Lexemes are unhashable (v0.101.0)
bwegge opened this issue · 6 comments
When I try to add Lexemes to a set or dict, it fails since Lexemes are unhashable:
cat = nlp.vocab['cat']
dog = nlp.vocab['dog']
my_animals = {cat, dog}
Traceback (most recent call last):
File "<ipython-input-30-8ffec97fae23>", line 1, in <module>
my_animals = {cat, dog}
TypeError: unhashable type: 'spacy.lexeme.Lexeme'
Maybe lexeme.orth can be used (together with lexeme.lang) as hash value?
Another funny observation is that looking up the same word multiple times through nlp.vocab[word]

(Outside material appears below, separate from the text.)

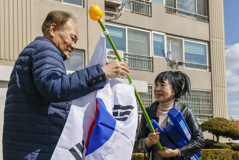 | ▲ 김금숙(오른쪽) 무성아파트 이장이 아파트 앞에서 주민에게 태극기를 건네며 삼일절 태극기 달기 운동의 의미를 설명하고 있다. |

produces Lexemes at different addresses (although comparison works thanks to the newly implemented rich comparison):
nlp.vocab['cat']
Out[17]: <spacy.lexeme.Lexeme at 0xe865401e10>
nlp.vocab['cat']
Out[18]: <spacy.lexeme.Lexeme at 0xe865401d80>
To save memory, the Lexeme class is a wrapper around the LexemeC struct. So the Python objects are indeed created afresh each time. You can see the implementation here: https://github.com/spacy-io/spaCy/blob/master/spacy/lexeme.pyx#L31
Adding a __hash__
method is a good idea though. Will do.
Sounds reasonable, thanks for the explanation!

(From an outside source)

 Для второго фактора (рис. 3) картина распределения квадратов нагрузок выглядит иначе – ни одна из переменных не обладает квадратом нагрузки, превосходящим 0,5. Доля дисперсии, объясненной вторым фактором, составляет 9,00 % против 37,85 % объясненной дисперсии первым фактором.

Is there a workaround for this in the meantime? I'm new to NLP and trying to follow this guide, specifically the part where it mentions word vector representations.
@lylebrown
Replace the curly braces ({ }) with square brackets ([ ]) in the following line:
allWords = list({w for w in parser.vocab if w.has_vector and w.orth_.islower() and w.lower_ != "nasa"})

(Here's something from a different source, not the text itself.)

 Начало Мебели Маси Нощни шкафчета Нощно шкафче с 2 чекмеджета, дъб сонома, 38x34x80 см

Btw the line should probably be:
allWords = [w for w in parser.vocab if w.has_vector and w.is_lower and w.lower_ != "nasa"]
The old .repvec
property is now named .vector
, too.
The __hash__
method will be there in the next release.
This thread has been automatically locked since there has not been any recent activity after it was closed. Please open a new issue for related bugs.